- **Provided material**:
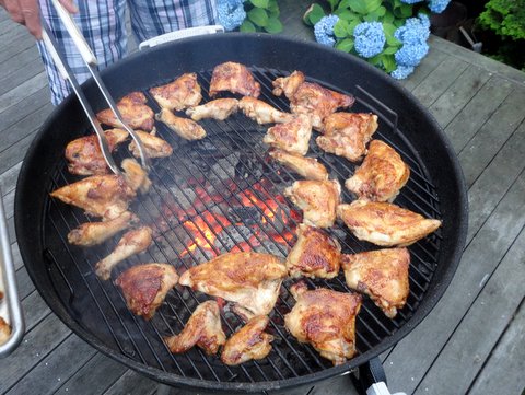 Much to my astonishment, I found it in the Times archive. There it contained instructions for both the oven-baked method which I use and the option to use the sauce to baste the chicken while cooking it directly on the grill.  There was also the warning that grill cooking times varied widely according to the heat of the grill.   It’s precisely for that reason that I go the baked-in-the-oven direction.   I have strong memories of a dear friend (and I am not naming names) who used to grill chicken to what would be called ‘medium rare’ if one were being kind.  Said chicken would then have to be put back on the grill for another hour.  This led most of his guests to be in a state of considerable inebriation by the time the chicken was finally served.
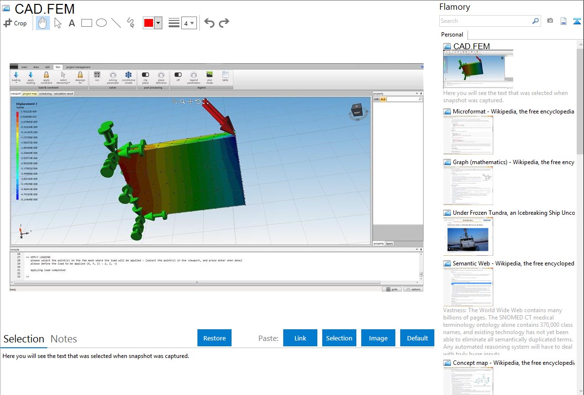 Flamory helps you capture and store screenshots from CAD.FEM by pressing a single hotkey. It will be saved to a history, so you can continue doing your tasks without interruptions. Later, you can edit the screenshot: crop, resize, add labels and highlights. After that, you can paste the screenshot into any other document or e-mail message.
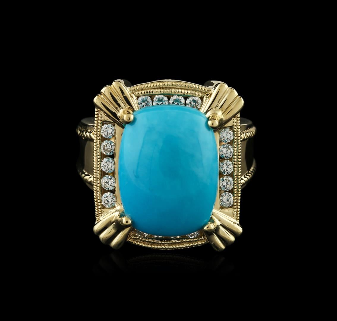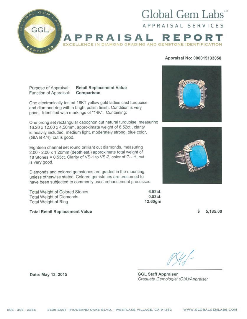 One electronically tested 18KT yellow gold ladies cast turquoise and diamond ring with a bright polish finish. Identified with markings of "14K". Condition is very good. Containing: One prong set rectangular cabochon cut natural turquoise, measuring 16.20 x 12.00 x 4.50mm, approximate weight of 6.52ct., clarity is heavily included, medium light, moderately strong, blue color, (GIA B 4/4), cut is good. Eighteen channel set round brilliant cut diamonds, measuring 2.00 - 2.00 x 1.20mm (depth est.) approximate total weight of 18 Stones = 0.53ct. Clarity: VS-1 to VS-2. Color: G - H, Cut is Very Good. Diamonds and colored gemstones are graded in the mounting, unless otherwise stated. Colored gemstones are presumed to have been subjected to commonly used enhancement processes.. Total Weight of Colored Stones 6.52ct. Total Weight of Diamonds 0.53ct. Total Weight of Ring 12.60 grams. GGL Appraised at $5,185.00.
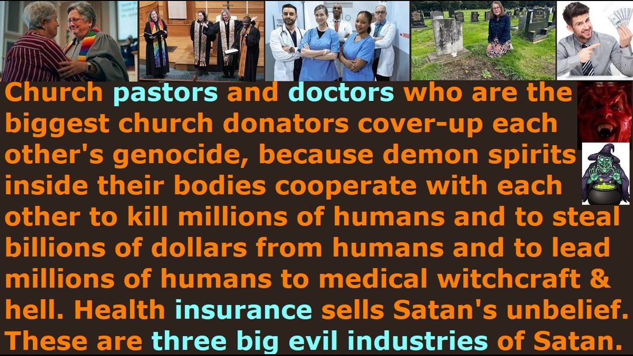 *** Intelligence news update from the Human Homo-Sapiens Race Survival Resistance (HRSR) headquarters and Republic Rebel Alliance battlefront (December 2023). Dave Hunt exposes the deception of Semjaza’s medical science witchcraft professions and industry and demonic pharmakeia witchcraft psychology psychiatry practices practiced & silently condoned by the Western feminist nations’ “Bible verses redefining, women’s head coverings rebelling, fallen angel head controlled, men’s pants cross-dressers androgynous transgender” fake Christians and Satan Lucifer’s “ordained & allowed & trained & non-assassination-attempts-receiving” fake unbiblical job position pastors. Whoever practices medical science witchcraft is already demon-possessed by Semjaza, so that is why every time we real Christians go to a doctor or dentist, they damage our bodies. It is an opportunity for Satan Lucifer to attack us, because we are going to a witch for healing. They encourage going to the doctors and dentists to mutilate our bodies and receive poison and pay money to the reptilian hybrid elites’ billion dollar depopulation & bio terrorism medical science witchcraft industry. This is why these fake pastors and fake Christians have the blood of millions of people on their hands, because by their silent condoning of evil and the medical science practitioners, they are guilty of the murder of millions of people themselves. If you watch someone getting murdered and you do not try to stop it, then you are guilty of that murder, too. We real Christians speak out against witchcraft and against the mass bio terrorist murder. The problem is that all their Satan Lucifer’s “ordained & allowed & trained & non-assassination-attempts-receiving” fake unbiblical job position pastors are hired shills of Satan Lucifer, too, so they are in on it with the doctors, and that is why they do not expose these doctors & nurses & pastors’ own medical science witchcraft church employee health insurance benefits’ heath insurance company employees and other mass genocide depopulation sickness industry murderers. Satan Lucifer’s religious system’s pastors were hired and are in cahoots with the medical science witchcraft demons, because they would lose their biggest church donators medical professionals from their church, if they kicked them out, and their church member witch assassins would assassinate them with heart attacks & strokes and slaughter their heathen families. The reason why the medical practitioner doctors & nurses & health insurance company employees do not expose Satan Lucifer’s religious system’s pastors or kick out the fake unbiblical job position pastors and parasite church staff from God’s house, who are also a mass genocide murder industry that is leading millions of people to hell and death by sword & famine & plague & demon armies, is because the demons that run both the medical science witchcraft mass murder industry and religious system mass murder industry work together and they both work for Satan Lucifer. They do not expose their own. Satan Lucifer’s goal for all his medical & religious hell’s army’s departments is very simple, and that is to steal and kill and destroy. They steal billions of dollars of ridiculous overpriced medical charges and ridiculously overpriced extortion illegal tithe income taxes, and they steal 50% of that money for their salaries & benefits & building bigger hospitals and churches, and they kill millions of people using witchcraft radiation & narcotics & vaccines and hundreds of redefined Bible verses to replace Jesus with hundreds of fake foreign gods, and they both destroy society and family units and godly precepts and people’s lives. Their goal is the same.
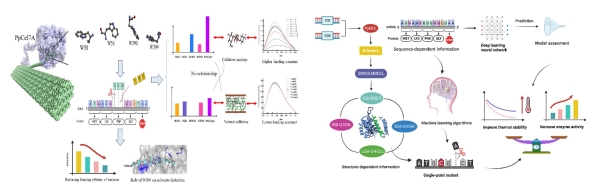 中国科学院天津工业生物技术研究所营养资源合成生物学研究组联合大连工业大学和大理大学等,针对纤维素酶系中核心酶元件,从酶的理性设计、底物结合力增加、天然底物应用指导选育策略等角度系统性介绍了改善现有木质纤维素降解酶性能的方法。科研团队针对纤维素外切酶,解析了Cel7A催化结构域中4个色氨酸在酶与底物结合、底物空间翻转方面的重要作用。研究发现,突变体在水解天然纤维素或纤维素结构类似物时,催化效果存在明显差异性,因此,以天然底物应用为指导的纤维素选育策略是提升纤维素酶工业化应用效率的关键。此外,科研人员针对纤维素内切酶,利用上亿条氨基酸序列进行机器学习建库,将序列决定和结构决定策略相结合,筛选出纤维素内切酶最佳理性改造位点,突破了酶活力和稳定性难以双提升的技术瓶颈,纤维素内切酶酶活力提升了18.06%,同时,热稳定性提升了62.90%,改善了木质纤维素降解酶系的工业属性,最终实现了纤维素酶规模生产应用的目标。
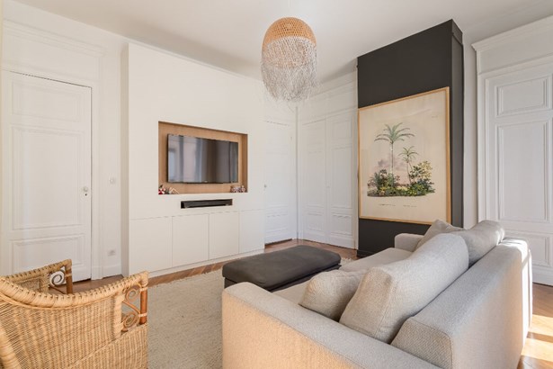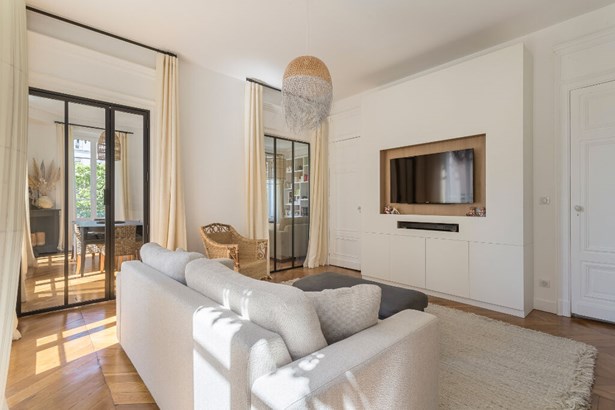 The second part of the apartment consists of a large, bright living room offering a dining area and a lounge area, with Versailles parquet flooring, an antique fireplace, custom-made cupboards and contemporary glass walls. This living room is completed by a television area, which can be used as a third bedroom, with its own bathroom.
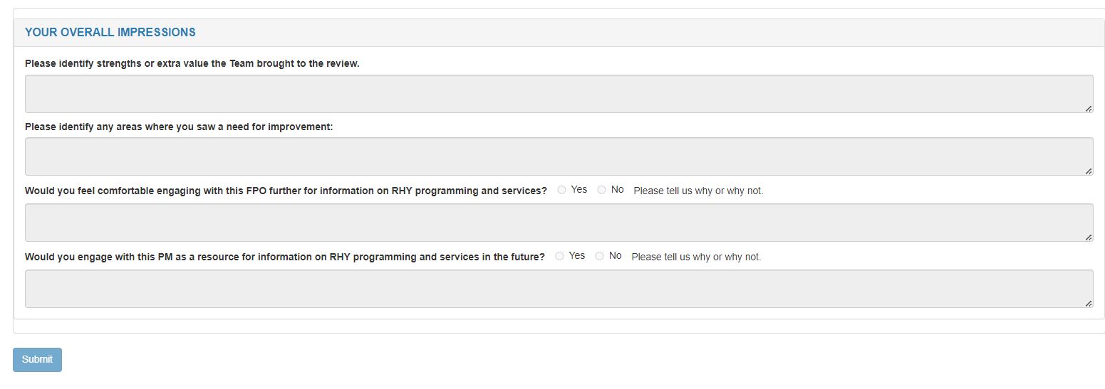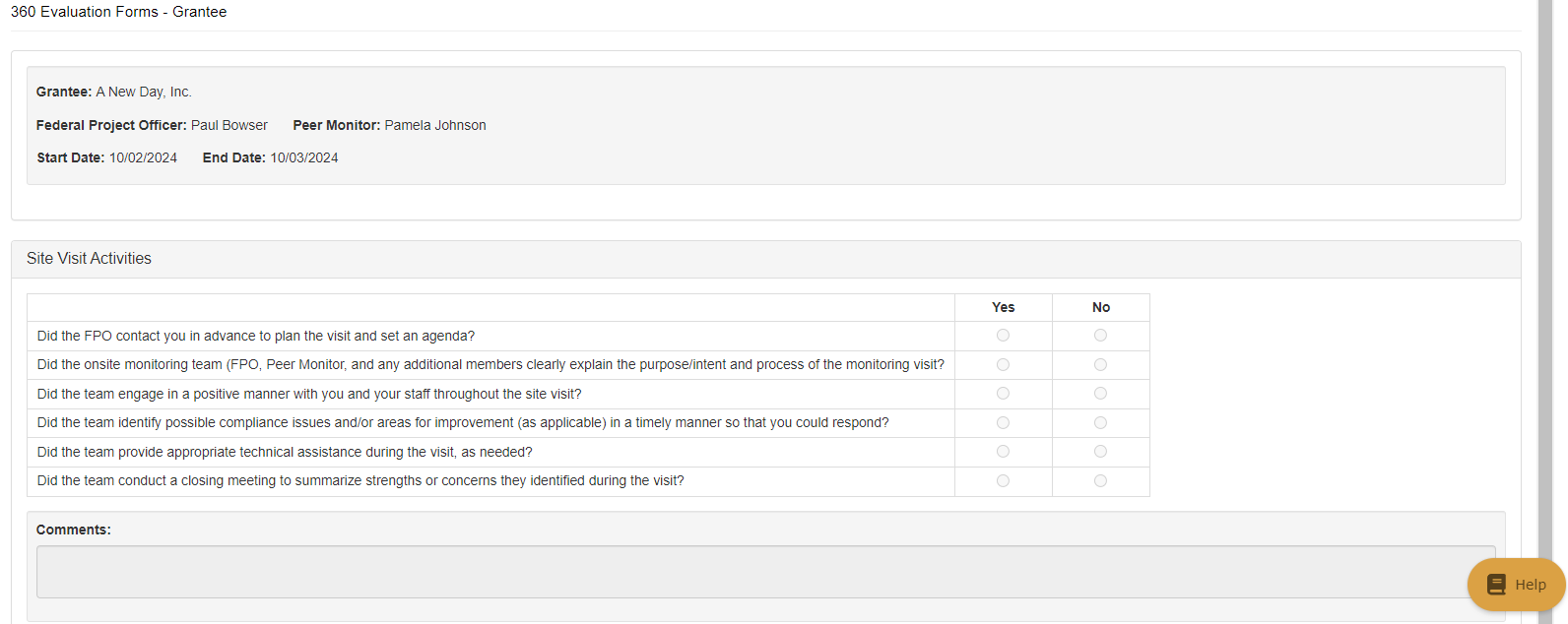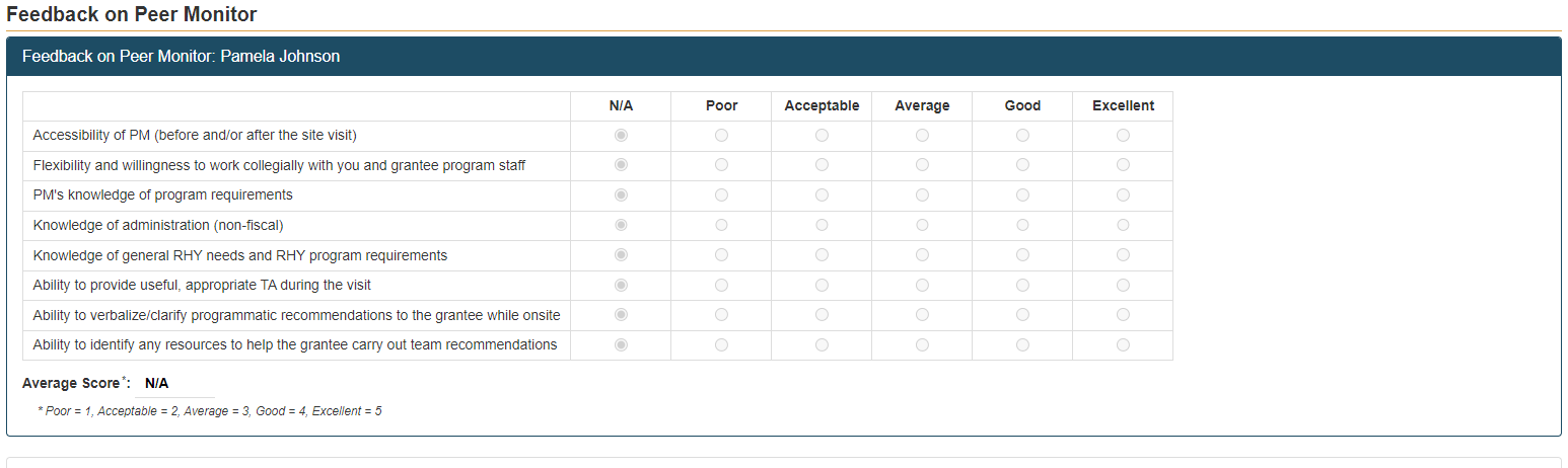 PAPERWORK REDUCTION ACT OF 1995 (Pub. L. 104-13) STATEMENT OF PUBLIC BURDEN: The purpose of this information collection is to collect feedback on RHY on-site monitoring processes. Public reporting burden for this collection of information is estimated to average 10 minutes per response, including the time for reviewing instructions, gathering and maintaining the data needed, and reviewing the collection of information. This is a voluntary collection of information. An agency may not conduct or sponsor, and a person is not required to respond to, a collection of information subject to the requirements of the Paperwork Reduction Act of 1995, unless it displays a currently valid OMB control number. The OMB # is 0970-0401 and the expiration date is 05/31/2027. If you have any comments on this collection of information, please contact help@gmatterstech.com.

- **Work order**: Print the entire listing above verbatim. No picture should be included.

- **Task response**:
 Much to my astonishment, I found it in the Times archive. There it contained instructions for both the oven-baked method which I use and the option to use the sauce to baste the chicken while cooking it directly on the grill.  There was also the warning that grill cooking times varied widely according to the heat of the grill.   It’s precisely for that reason that I go the baked-in-the-oven direction.   I have strong memories of a dear friend (and I am not naming names) who used to grill chicken to what would be called ‘medium rare’ if one were being kind.  Said chicken would then have to be put back on the grill for another hour.  This led most of his guests to be in a state of considerable inebriation by the time the chicken was finally served.
 Flamory helps you capture and store screenshots from CAD.FEM by pressing a single hotkey. It will be saved to a history, so you can continue doing your tasks without interruptions. Later, you can edit the screenshot: crop, resize, add labels and highlights. After that, you can paste the screenshot into any other document or e-mail message.
 One electronically tested 18KT yellow gold ladies cast turquoise and diamond ring with a bright polish finish. Identified with markings of "14K". Condition is very good. Containing: One prong set rectangular cabochon cut natural turquoise, measuring 16.20 x 12.00 x 4.50mm, approximate weight of 6.52ct., clarity is heavily included, medium light, moderately strong, blue color, (GIA B 4/4), cut is good. Eighteen channel set round brilliant cut diamonds, measuring 2.00 - 2.00 x 1.20mm (depth est.) approximate total weight of 18 Stones = 0.53ct. Clarity: VS-1 to VS-2. Color: G - H, Cut is Very Good. Diamonds and colored gemstones are graded in the mounting, unless otherwise stated. Colored gemstones are presumed to have been subjected to commonly used enhancement processes.. Total Weight of Colored Stones 6.52ct. Total Weight of Diamonds 0.53ct. Total Weight of Ring 12.60 grams. GGL Appraised at $5,185.00.
 *** Intelligence news update from the Human Homo-Sapiens Race Survival Resistance (HRSR) headquarters and Republic Rebel Alliance battlefront (December 2023). Dave Hunt exposes the deception of Semjaza’s medical science witchcraft professions and industry and demonic pharmakeia witchcraft psychology psychiatry practices practiced & silently condoned by the Western feminist nations’ “Bible verses redefining, women’s head coverings rebelling, fallen angel head controlled, men’s pants cross-dressers androgynous transgender” fake Christians and Satan Lucifer’s “ordained & allowed & trained & non-assassination-attempts-receiving” fake unbiblical job position pastors. Whoever practices medical science witchcraft is already demon-possessed by Semjaza, so that is why every time we real Christians go to a doctor or dentist, they damage our bodies. It is an opportunity for Satan Lucifer to attack us, because we are going to a witch for healing. They encourage going to the doctors and dentists to mutilate our bodies and receive poison and pay money to the reptilian hybrid elites’ billion dollar depopulation & bio terrorism medical science witchcraft industry. This is why these fake pastors and fake Christians have the blood of millions of people on their hands, because by their silent condoning of evil and the medical science practitioners, they are guilty of the murder of millions of people themselves. If you watch someone getting murdered and you do not try to stop it, then you are guilty of that murder, too. We real Christians speak out against witchcraft and against the mass bio terrorist murder. The problem is that all their Satan Lucifer’s “ordained & allowed & trained & non-assassination-attempts-receiving” fake unbiblical job position pastors are hired shills of Satan Lucifer, too, so they are in on it with the doctors, and that is why they do not expose these doctors & nurses & pastors’ own medical science witchcraft church employee health insurance benefits’ heath insurance company employees and other mass genocide depopulation sickness industry murderers. Satan Lucifer’s religious system’s pastors were hired and are in cahoots with the medical science witchcraft demons, because they would lose their biggest church donators medical professionals from their church, if they kicked them out, and their church member witch assassins would assassinate them with heart attacks & strokes and slaughter their heathen families. The reason why the medical practitioner doctors & nurses & health insurance company employees do not expose Satan Lucifer’s religious system’s pastors or kick out the fake unbiblical job position pastors and parasite church staff from God’s house, who are also a mass genocide murder industry that is leading millions of people to hell and death by sword & famine & plague & demon armies, is because the demons that run both the medical science witchcraft mass murder industry and religious system mass murder industry work together and they both work for Satan Lucifer. They do not expose their own. Satan Lucifer’s goal for all his medical & religious hell’s army’s departments is very simple, and that is to steal and kill and destroy. They steal billions of dollars of ridiculous overpriced medical charges and ridiculously overpriced extortion illegal tithe income taxes, and they steal 50% of that money for their salaries & benefits & building bigger hospitals and churches, and they kill millions of people using witchcraft radiation & narcotics & vaccines and hundreds of redefined Bible verses to replace Jesus with hundreds of fake foreign gods, and they both destroy society and family units and godly precepts and people’s lives. Their goal is the same.
 中国科学院天津工业生物技术研究所营养资源合成生物学研究组联合大连工业大学和大理大学等,针对纤维素酶系中核心酶元件,从酶的理性设计、底物结合力增加、天然底物应用指导选育策略等角度系统性介绍了改善现有木质纤维素降解酶性能的方法。科研团队针对纤维素外切酶,解析了Cel7A催化结构域中4个色氨酸在酶与底物结合、底物空间翻转方面的重要作用。研究发现,突变体在水解天然纤维素或纤维素结构类似物时,催化效果存在明显差异性,因此,以天然底物应用为指导的纤维素选育策略是提升纤维素酶工业化应用效率的关键。此外,科研人员针对纤维素内切酶,利用上亿条氨基酸序列进行机器学习建库,将序列决定和结构决定策略相结合,筛选出纤维素内切酶最佳理性改造位点,突破了酶活力和稳定性难以双提升的技术瓶颈,纤维素内切酶酶活力提升了18.06%,同时,热稳定性提升了62.90%,改善了木质纤维素降解酶系的工业属性,最终实现了纤维素酶规模生产应用的目标。
 The second part of the apartment consists of a large, bright living room offering a dining area and a lounge area, with Versailles parquet flooring, an antique fireplace, custom-made cupboards and contemporary glass walls. This living room is completed by a television area, which can be used as a third bedroom, with its own bathroom.
 PAPERWORK REDUCTION ACT OF 1995 (Pub. L. 104-13) STATEMENT OF PUBLIC BURDEN: The purpose of this information collection is to collect feedback on RHY on-site monitoring processes. Public reporting burden for this collection of information is estimated to average 10 minutes per response, including the time for reviewing instructions, gathering and maintaining the data needed, and reviewing the collection of information. This is a voluntary collection of information. An agency may not conduct or sponsor, and a person is not required to respond to, a collection of information subject to the requirements of the Paperwork Reduction Act of 1995, unless it displays a currently valid OMB control number. The OMB # is 0970-0401 and the expiration date is 05/31/2027. If you have any comments on this collection of information, please contact help@gmatterstech.com.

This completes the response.